Sitting in a chair all day at work can cause poor posture, stiffness and lower back pain. According to The New York Times, you may want to wait on calling the doctor for pain medicine and instead increase your daily activity. Taking a break at work to stretch can ease pain, make you more productive and less prone to injury. You can do these six stretches to help back pain at the office and get blood flowing, ward off stiffness and hopefully keep your lower back pain at bay:
Rotating your upper body with or without swinging your arms can wring out the tightness in your lower back.
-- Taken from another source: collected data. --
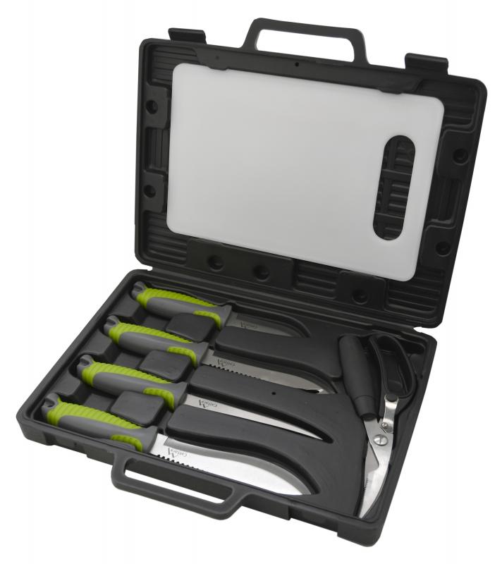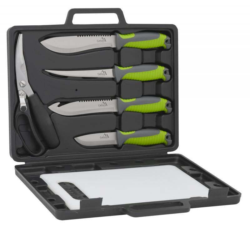 Grilovací sada skládající se ze 4 ks nožů, nůžek na drůbež a ryby a prkénka pro pohodlné porcování.Malý, střední, velký a filetovací Nůž je vyroben z kvalitní nerezové oceli s plastovou, ergonomicky tvarovanou rukojetí s pogumovaným povrchem.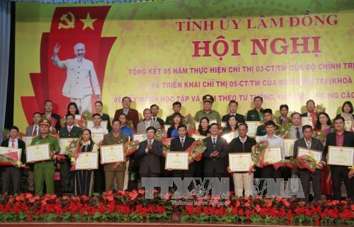 Qua 5 năm thực hiện Chỉ thị 03, tỉnh Lâm Đồng đã có 2.368 tập thể, cá nhân điển hình tiên tiến trong học tập và làm theo tấm gương đạo đức Hồ Chí Minh được các địa phương, cơ quan, đơn vị biểu dương và nhân rộng. Các cấp ủy Đảng, chính quyền, địa phương, đơn vị trong tỉnh đã triển khai thực hiện Chỉ thị 03 nghiêm túc với hình thức phong phú, tạo sự chuyển biến tích cực về nhận thức, hành động của cán bộ, đảng viên và nhân dân, trở thành đợt sinh hoạt chính trị sâu rộng trong toàn tỉnh. Trong quá trình thực hiện Chỉ thị đã xuất hiện nhiều mô hình mới, cách làm hay như "Ngày thứ 7 vì dân", "Tổ dân phố 7 không", "Treo ảnh Bác tại hộ gia đình hội viên", “Cộng đồng dân cư tham gia xóa nhà tạm”… Cả 12 huyện, thành phố của tỉnh đã triển khai mô hình chào cờ thôn, tổ dân phố vào sáng thứ 2 hàng tuần.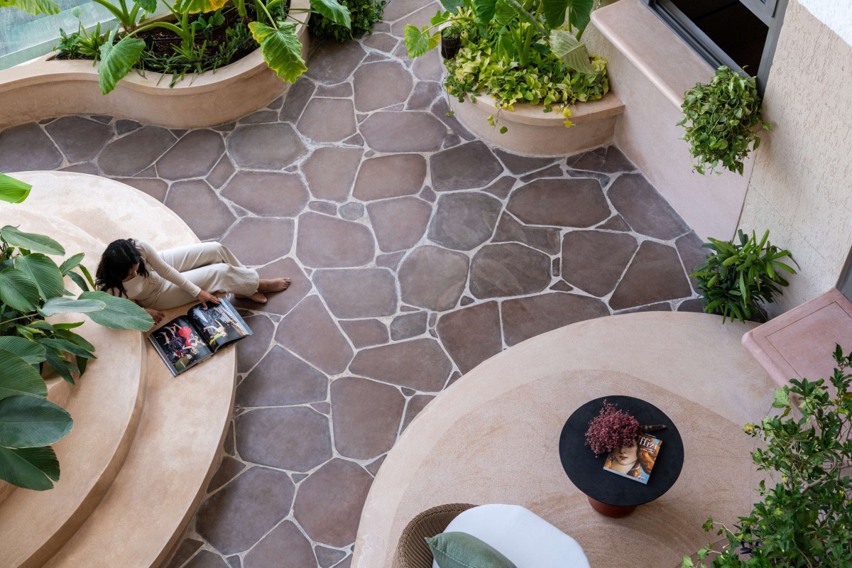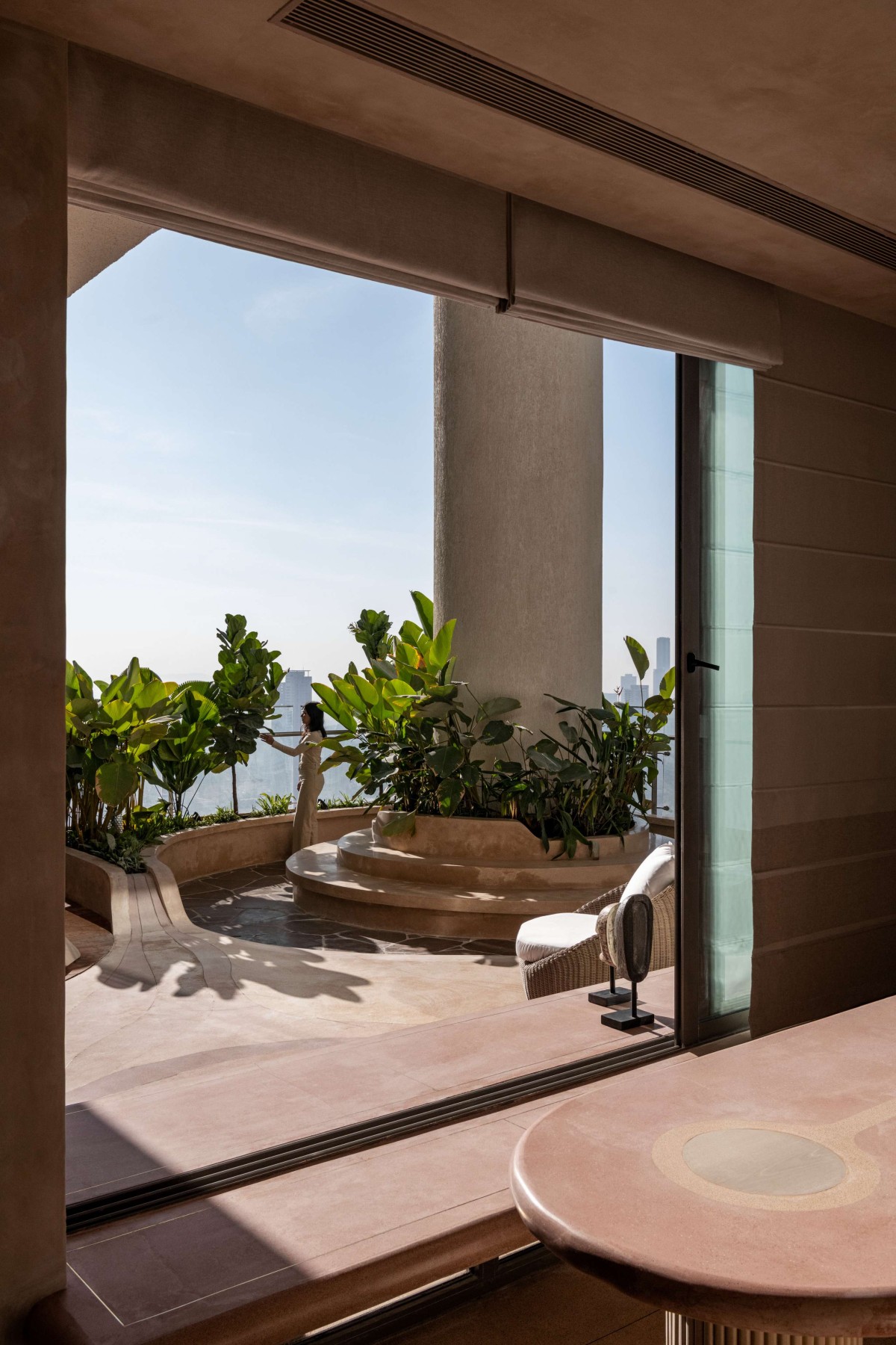 The design process presented challenges, particularly in balancing the expansive proportions of the triple-height terrace while maintaining a sense of intimacy. To address this, tall plants, strategic artworks, and varied flooring textures were incorporated to create visual interest and scale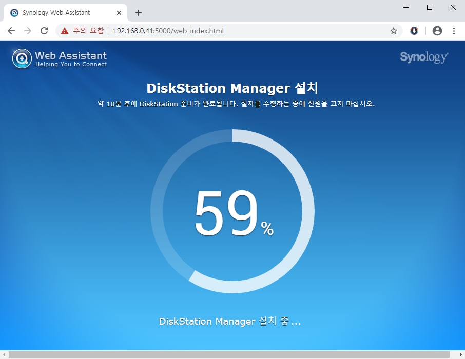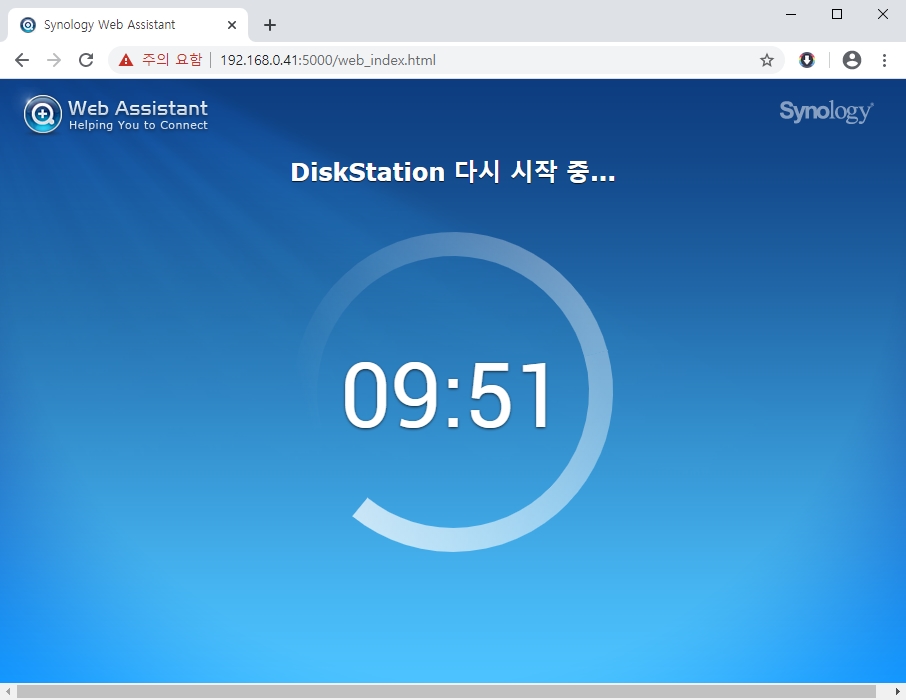 11. 설치가 100%가 되어 설치가 끝나면 헤놀로지는 재부팅을 두번정도 하고 그동안 화면에는 아래 같은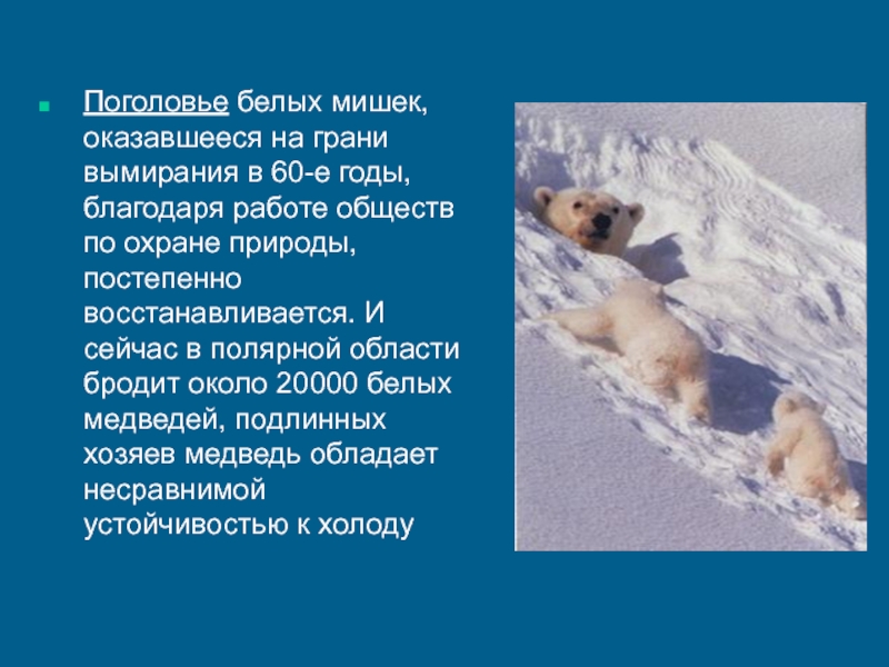 работе обществ по охране природы, постепенно восстанавливается. И сейчас в полярной области бродит около 20000 белых медведей, подлинных хозяев медведь обладает несравнимой устойчивостью к холоду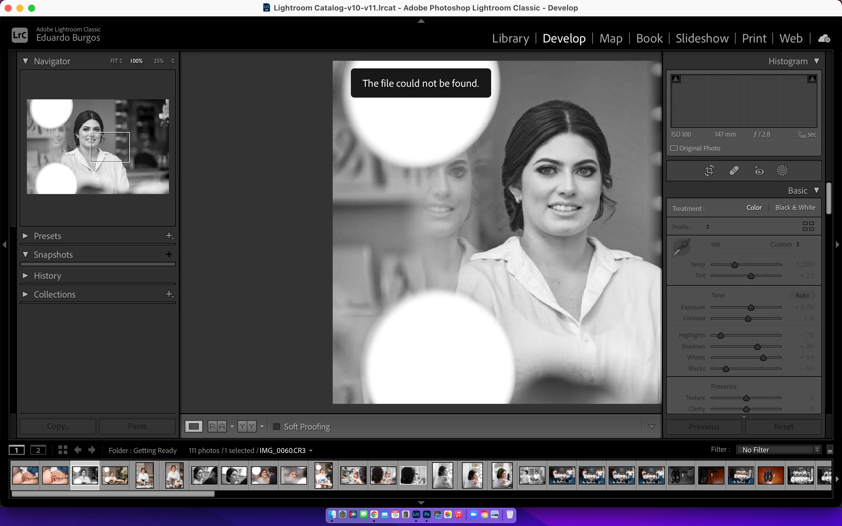 When in 'Develop' all of my presets are gone and each photo says 'file could not be found' even though the originls are all in the same place as they have been for the previous 2 years. Also all of my presets are gone.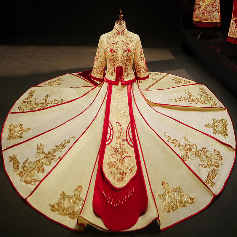Show and the bride 2022 The new golden Chinese wedding gown show kimono wedding dress with a slim and respectful wedding dress

You can do this at your standing desk.
- Step away from your desk and stand with your feet shoulder width apart.
- Cross your arms over your chest and keeping your feet and hips in place, rotate your trunk to the right until you feel a slight stretch in your lower back muscles.
- Hold for 30 seconds and return to center.
- Repeat, but this time rotate your trunk to the left.
- Repeat 3-5 times per side.
If you want a more invigorating stretch, let your arms dangle and rather than holding the twist, just swing through from side to side, rotating on the axis of your lower body. Bend your knees as you begin to rotate and straighten them as you return to center.
Rocking tension out of your pelvis can help your lower back feel better.
- Stand with your back to a wall, feet shoulder width apart, heels against the baseboard.
- Your bottom, head and shoulder blades should be touching the wall. Your lower back will not.
- Rock your pelvis so your lower back presses into the wall.
- Rock it back to the starting position.
- Repeat 5 times.
The standing trunk extension takes the pressure off your lumbar spine.
- Stand tall with your feet directly beneath your shoulders.
- Place your palms on your pelvis, fingers pointing down.
- Press your hands into the pelvis as you lean back and arch your lower back.
- Hold for as long as you are comfortable and come back slowly.
- Repeat as needed
Like these other stretches to help back pain, this one gets your body moving in subtle ways that increase blood flow and warm up the lower back.
- Sit up straight in a chair and lift one leg, knee bent, grabbing the back of your thigh and slowly pulling it towards your chest. Do not lean forward.
- Hold for 30 seconds.
- Release the leg gently back to where you started.
- Repeat on the other side.
Keyhole Hip Stretch
One cause of lower back pain is tight hips; here's how to open them.
- Sit in a chair without arms and place both feet on the floor.
- Bring one leg up and place that ankle on your other knee letting the elevated knee fall outward. If your knee hurts, stop.
- Gently press the elevated knee toward the floor.
- Hold for as long as it feels good and repeat on other side.
Release the Hammies
Another cause of lower back pain is tight hamstrings. You can use a staircase for this exercise.
- Stand close to the wall on the first step facing upstairs, feet parallel and about 1-2 inches apart.
- Hold the banister.
- Slide one foot back so the ball of your foot is resting on the step and your heel is dangling.
- Press your heel toward the floor gently.
- Repeat on the other side.
- Try pressing down both heels at the same time.